What is a 'Spot Exchange Rate'
A spot exchange rate is the price to exchange one currency for another for immediate delivery. The spot rates represent the prices buyers pay in one currency to purchase a second currency. Although the spot exchange rate is for delivery on the earliest value date, the standard settlement date for most spot transactions is two business days after the transaction date.
BREAKING DOWN 'Spot Exchange Rate'
The spot exchange rate is the price paid to sell one currency for another for delivery on the earliest possible value date.
The foreign exchange market is the largest and most liquid market in the world, with over $5 billion changing hands daily. The most actively traded currencies are the U.S. dollar; the euro, which is used in many continental European countries including Germany, France, and Italy; the British pound; Japanese yen; and Canadian dollar.

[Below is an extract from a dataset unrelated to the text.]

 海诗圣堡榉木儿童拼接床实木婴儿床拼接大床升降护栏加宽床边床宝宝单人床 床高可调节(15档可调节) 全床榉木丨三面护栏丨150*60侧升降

Trading takes place electronically around the world between large, multinational banks. Other active market participants include corporations, mutual funds, hedge funds, insurance companies and government entities. Transactions are for a wide range of purposes, including import and export payments, short- and long-term investments, loans and speculation.
Some currencies, especially in developing economies, are controlled by the government, which sets the spot exchange rate.

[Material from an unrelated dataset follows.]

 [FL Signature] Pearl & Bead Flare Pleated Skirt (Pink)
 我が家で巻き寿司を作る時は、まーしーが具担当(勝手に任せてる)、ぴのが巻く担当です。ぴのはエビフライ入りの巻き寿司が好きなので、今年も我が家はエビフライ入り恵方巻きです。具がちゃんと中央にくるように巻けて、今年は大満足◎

For most spot foreign exchange transactions, the settlement date is two business days after the transaction date. The most common exception to the rule is the U.S. dollar vs. the Canadian dollar, which settles on the next business day. Weekends and holidays mean that two business days is often far more than two calendar days, especially during the Christmas and Easter holiday season.
On the transaction date, the two parties to the transaction agree on the price, which is the number of units of currency A that will be exchanged for currency B. The parties also agree on the value of the transaction in both currencies and the settlement date. If both currencies are to be delivered, the parties also exchange bank information. Speculators often buy and sell multiple times for the same settlement date, in which case the transactions are netted and only the gain or loss is settled.
The foreign exchange spot market can be very volatile; in the short term, rates are often driven by rumor, speculation and technical trading. In the long term, rates are generally driven by a combination of economic growth and interest rate differentials. Central banks sometimes intervene to smooth the market, either by buying or selling the local currency or by adjusting interest rates.